===== Records supplied =====

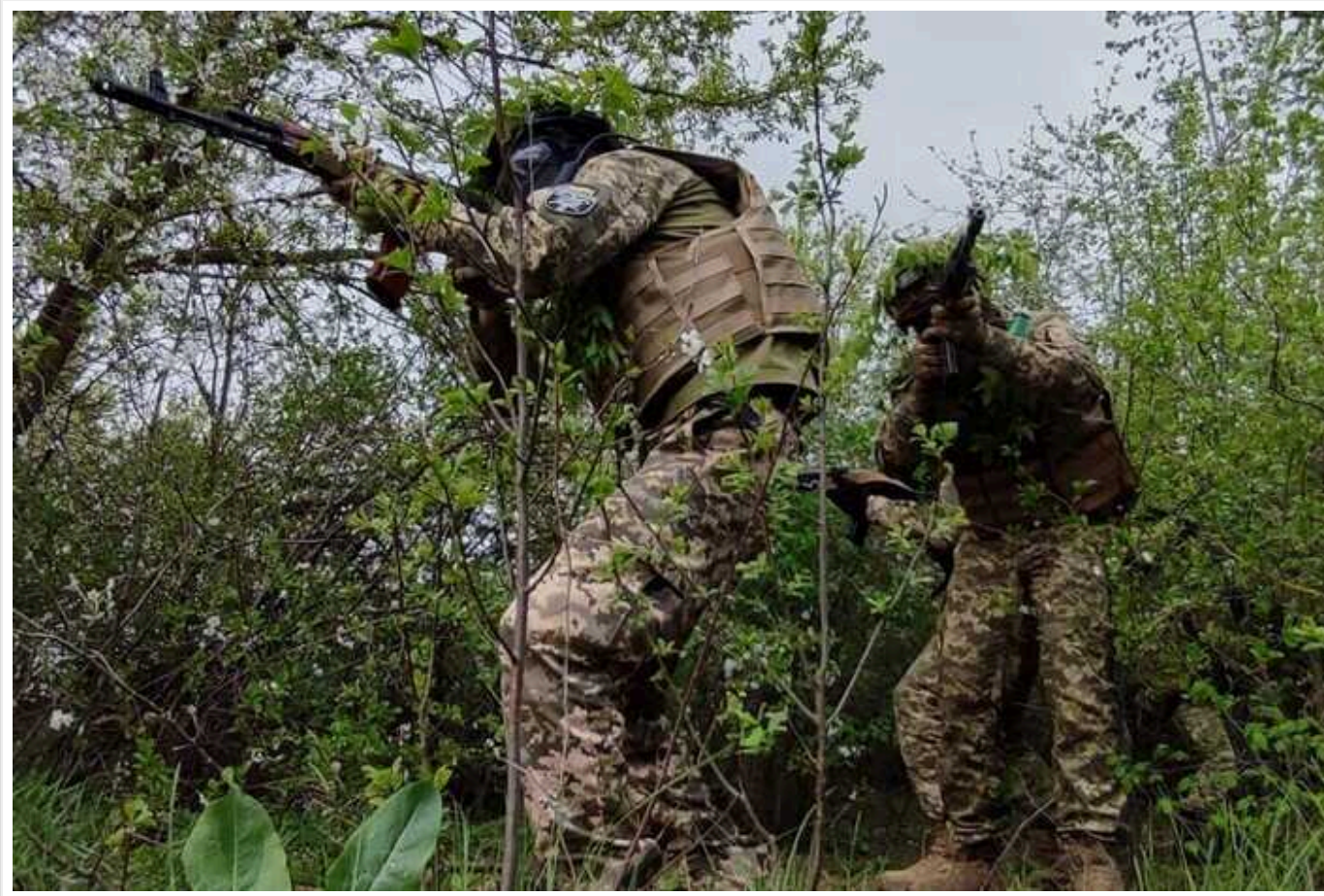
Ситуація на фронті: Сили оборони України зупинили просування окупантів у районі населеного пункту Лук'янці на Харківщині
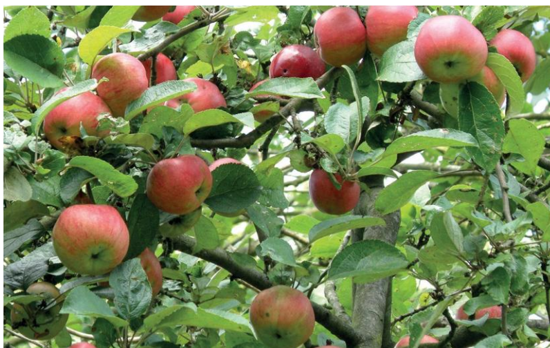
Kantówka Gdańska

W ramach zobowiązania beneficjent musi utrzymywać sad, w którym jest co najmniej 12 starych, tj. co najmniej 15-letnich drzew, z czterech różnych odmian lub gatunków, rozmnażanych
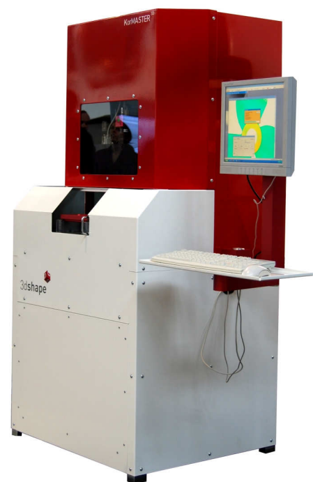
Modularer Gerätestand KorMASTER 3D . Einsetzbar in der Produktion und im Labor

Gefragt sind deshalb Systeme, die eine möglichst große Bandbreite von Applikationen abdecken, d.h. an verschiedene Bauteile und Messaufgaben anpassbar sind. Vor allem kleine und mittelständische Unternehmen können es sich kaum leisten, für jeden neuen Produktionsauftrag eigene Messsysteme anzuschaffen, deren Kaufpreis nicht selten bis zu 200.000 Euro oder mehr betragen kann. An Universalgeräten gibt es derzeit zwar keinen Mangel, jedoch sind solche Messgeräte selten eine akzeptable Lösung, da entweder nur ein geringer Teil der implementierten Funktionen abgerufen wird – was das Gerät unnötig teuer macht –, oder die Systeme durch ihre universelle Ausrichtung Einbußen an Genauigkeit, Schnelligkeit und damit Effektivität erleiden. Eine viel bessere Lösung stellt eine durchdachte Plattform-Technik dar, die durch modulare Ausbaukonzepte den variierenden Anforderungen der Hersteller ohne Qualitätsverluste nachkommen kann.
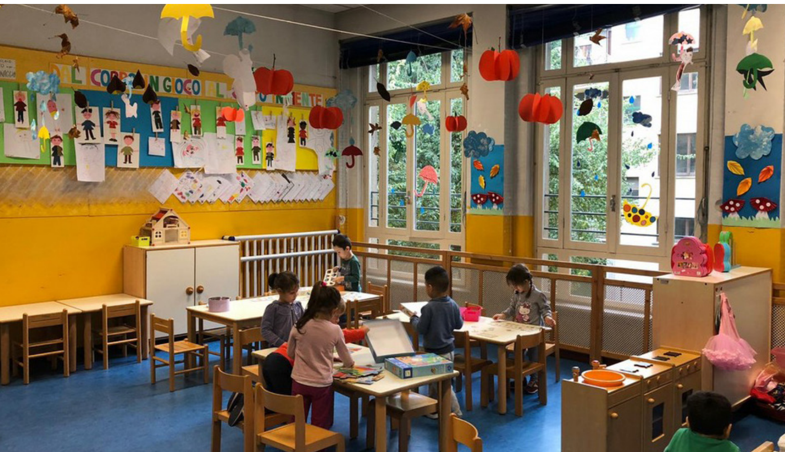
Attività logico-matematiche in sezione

=====
===== Records supplied =====

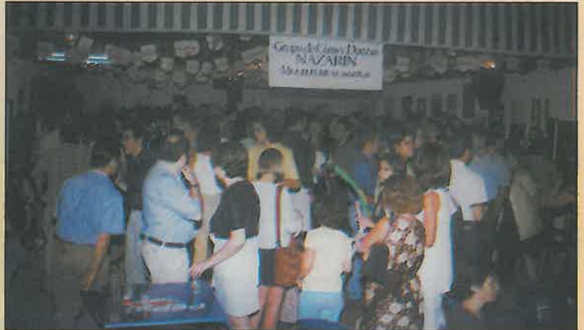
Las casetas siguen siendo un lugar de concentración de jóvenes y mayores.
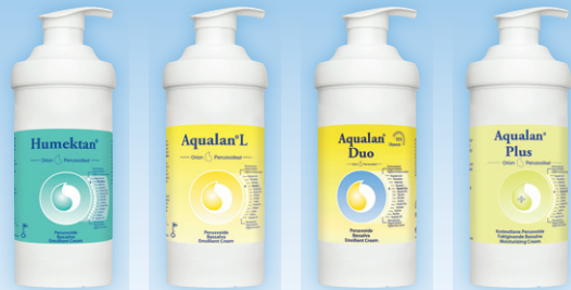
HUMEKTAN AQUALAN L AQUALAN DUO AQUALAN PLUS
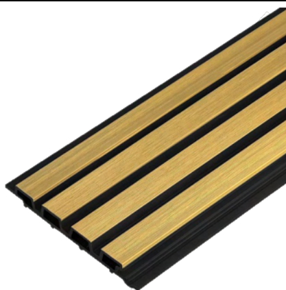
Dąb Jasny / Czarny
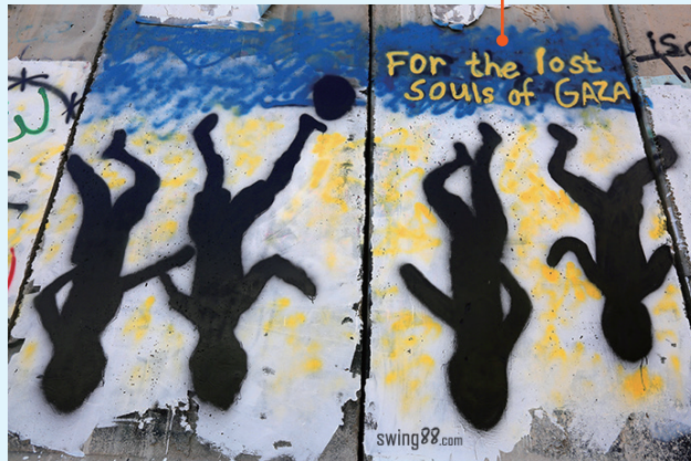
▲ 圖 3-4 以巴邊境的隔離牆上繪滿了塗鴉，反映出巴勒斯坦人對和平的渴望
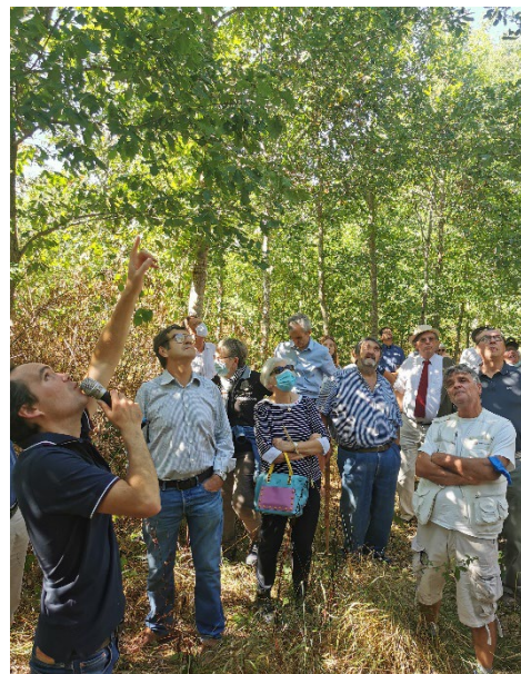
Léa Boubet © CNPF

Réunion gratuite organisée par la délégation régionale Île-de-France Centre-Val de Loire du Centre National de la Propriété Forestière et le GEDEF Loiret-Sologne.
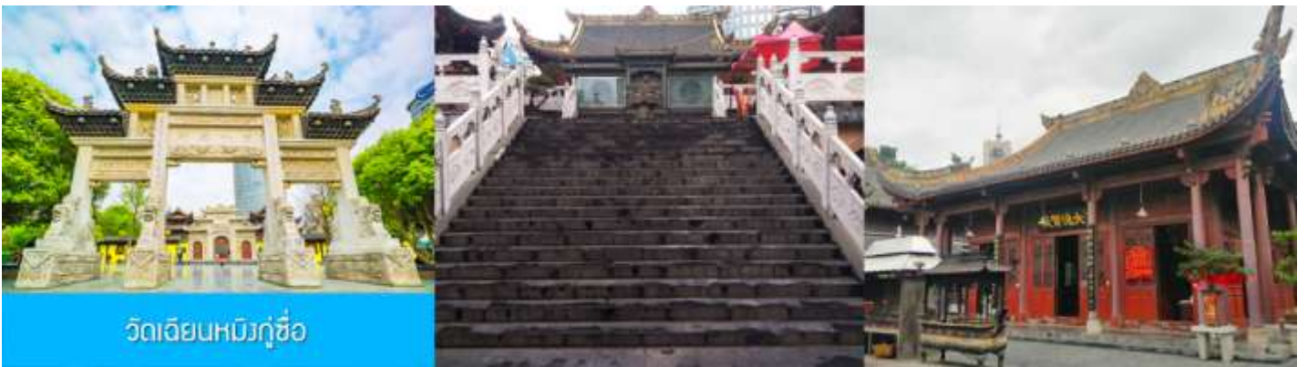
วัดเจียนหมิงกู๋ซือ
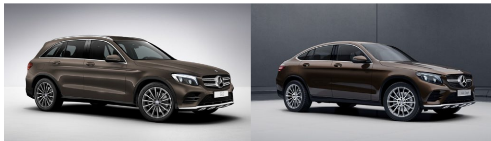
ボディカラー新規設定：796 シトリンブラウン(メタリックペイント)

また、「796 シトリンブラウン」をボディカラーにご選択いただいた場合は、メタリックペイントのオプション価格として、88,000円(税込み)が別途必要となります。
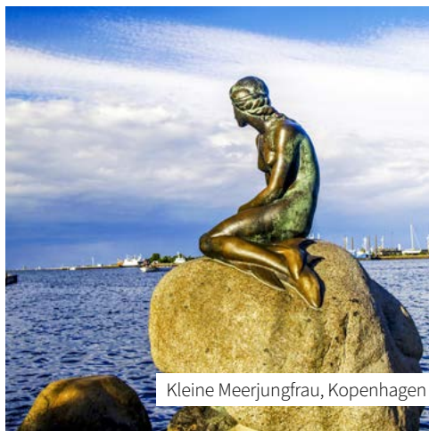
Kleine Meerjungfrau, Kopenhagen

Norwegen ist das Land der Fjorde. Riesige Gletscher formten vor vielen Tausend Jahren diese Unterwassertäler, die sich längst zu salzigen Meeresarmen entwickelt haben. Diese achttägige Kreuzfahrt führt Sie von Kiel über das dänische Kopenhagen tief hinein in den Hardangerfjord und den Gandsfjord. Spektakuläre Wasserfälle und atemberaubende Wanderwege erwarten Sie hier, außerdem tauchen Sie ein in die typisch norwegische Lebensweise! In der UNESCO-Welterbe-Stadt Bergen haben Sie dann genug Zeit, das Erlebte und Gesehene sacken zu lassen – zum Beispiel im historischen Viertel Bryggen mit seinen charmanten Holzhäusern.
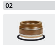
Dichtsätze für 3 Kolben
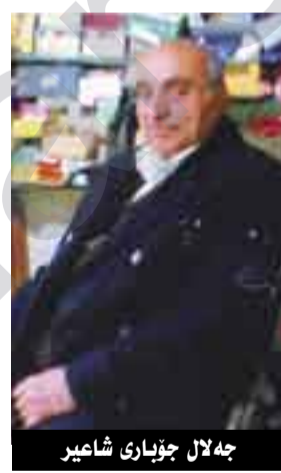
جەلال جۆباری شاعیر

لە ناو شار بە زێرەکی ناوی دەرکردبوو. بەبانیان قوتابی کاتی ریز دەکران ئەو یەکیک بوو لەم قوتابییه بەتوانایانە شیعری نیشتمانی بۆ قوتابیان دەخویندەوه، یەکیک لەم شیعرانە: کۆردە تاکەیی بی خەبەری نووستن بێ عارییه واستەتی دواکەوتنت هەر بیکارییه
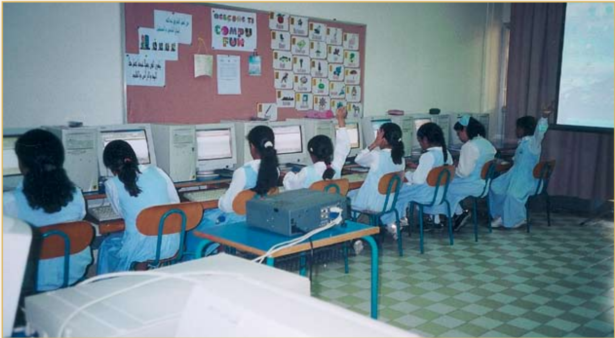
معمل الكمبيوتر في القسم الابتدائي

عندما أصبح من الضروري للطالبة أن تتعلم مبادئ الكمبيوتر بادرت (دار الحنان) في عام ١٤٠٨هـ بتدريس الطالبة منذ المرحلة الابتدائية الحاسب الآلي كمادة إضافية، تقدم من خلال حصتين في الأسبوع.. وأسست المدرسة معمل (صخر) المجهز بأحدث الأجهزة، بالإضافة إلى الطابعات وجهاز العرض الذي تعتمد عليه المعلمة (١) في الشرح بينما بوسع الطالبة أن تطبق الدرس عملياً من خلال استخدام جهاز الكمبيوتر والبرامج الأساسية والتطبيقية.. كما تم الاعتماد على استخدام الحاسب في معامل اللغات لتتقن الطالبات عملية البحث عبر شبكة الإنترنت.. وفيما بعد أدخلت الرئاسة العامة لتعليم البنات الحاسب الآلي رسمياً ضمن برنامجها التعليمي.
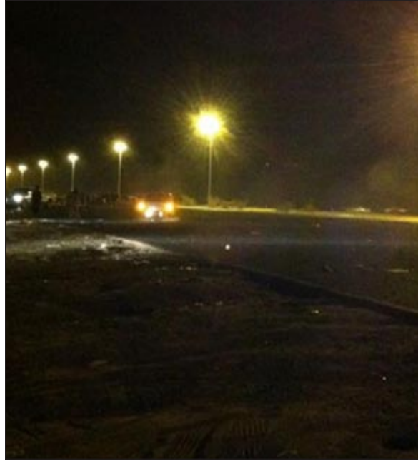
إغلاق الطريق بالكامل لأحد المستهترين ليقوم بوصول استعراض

=====
===== Records supplied =====

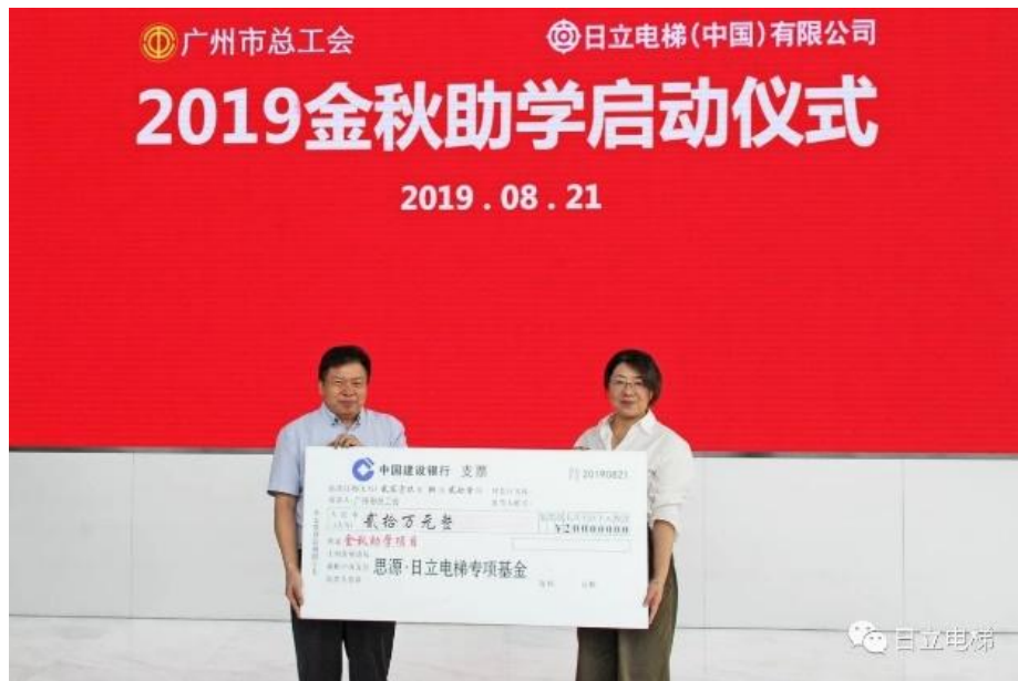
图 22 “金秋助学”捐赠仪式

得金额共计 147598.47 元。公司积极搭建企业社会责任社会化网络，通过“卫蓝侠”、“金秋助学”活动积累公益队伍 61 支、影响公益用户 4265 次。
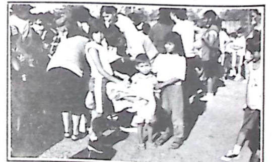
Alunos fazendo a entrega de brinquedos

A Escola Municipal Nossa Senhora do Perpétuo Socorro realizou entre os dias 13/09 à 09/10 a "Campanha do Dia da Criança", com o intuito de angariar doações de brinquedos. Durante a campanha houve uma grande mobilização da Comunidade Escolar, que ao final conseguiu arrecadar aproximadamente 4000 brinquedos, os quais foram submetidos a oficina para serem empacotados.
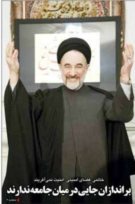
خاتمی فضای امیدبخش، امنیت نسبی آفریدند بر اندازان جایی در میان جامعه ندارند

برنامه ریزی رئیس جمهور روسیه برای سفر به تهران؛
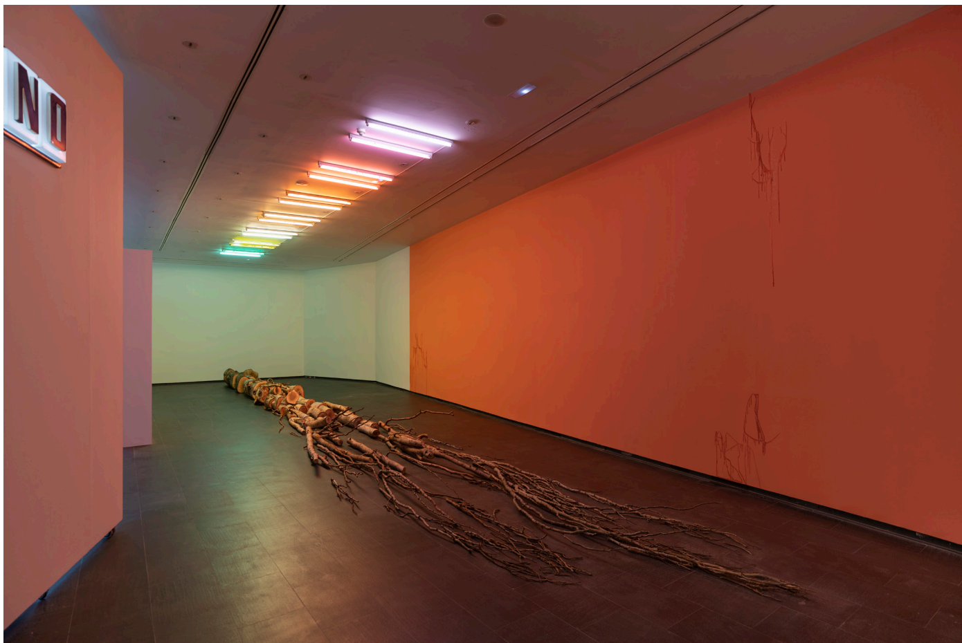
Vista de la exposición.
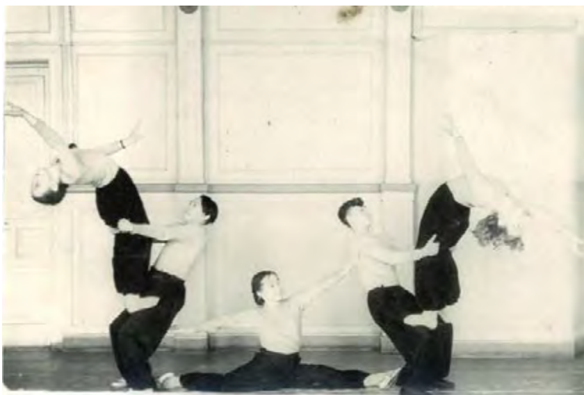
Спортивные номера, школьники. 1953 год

=====

■ Task directions
The response must repeat exactly the lines above from the one with "W ramach zobowiązania" through the one with "Modularer Gerätestand KorMASTER", including both, and must contain no pictures and no other text.

■ Answer box
W ramach zobowiązania beneficjent musi utrzymywać sad, w którym jest co najmniej 12 starych, tj. co najmniej 15-letnich drzew, z czterech różnych odmian lub gatunków, rozmnażanych
Modularer Gerätestand KorMASTER 3D . Einsetzbar in der Produktion und im Labor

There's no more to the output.